2.3 Bambuser shall Process Personal Data with all due care and skill, diligence and prudence, in a workmanlike manner in accordance with high professional standards, and in compliance with applicable Data Protection Laws. Bambuser must not use the Personal Data for any other purposes than those specified in the Agreement, this DPA and Customer's documented instructions from time to time. Customer's written instructions for Processing are set out in Appendix 1.

2.4 More specifically, Bambuser shall:

  • a) Process the Personal Data only on documented instructions from Customer, unless required to deviate from such instructions in order to comply with applicable Data Protection Laws which Bambuser is subject to.

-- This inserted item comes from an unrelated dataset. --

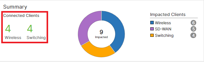 - Click on the connected client count in the Summary or Top 3 Impacted Sites panels to view the client details.

In such a case, Bambuser shall inform Customer of that legal requirement before Processing, unless such Data Protection Laws prohibit such information on important grounds of public interest;

  • b) ensure that persons authorized to process the Personal Data have committed themselves to confidentiality or are under an appropriate statutory obligation of confidentiality;

  • c) assist Customer by appropriate technical and organizational measures, in so far as this is possible, for the fulfilment of Customer's obligation to respond to requests for exercising any Data Subject's rights under Data Protection Laws;

  • d) assist Customer in ensuring compliance with its legal obligations in respect of Personal Data, such as, with Customer's data security, data protection impact assessment and prior consulting obligations set out by Data Protection Laws;

  • e) make available to Customer all information necessary to demonstrate compliance with Bambuser's obligations set out in this DPA and in applicable Data Protection Laws, and allow for and contribute to audits, including inspections, conducted by Customer as set forth in this DPA; and

  • f) Process Personal Data only during the term of this DPA.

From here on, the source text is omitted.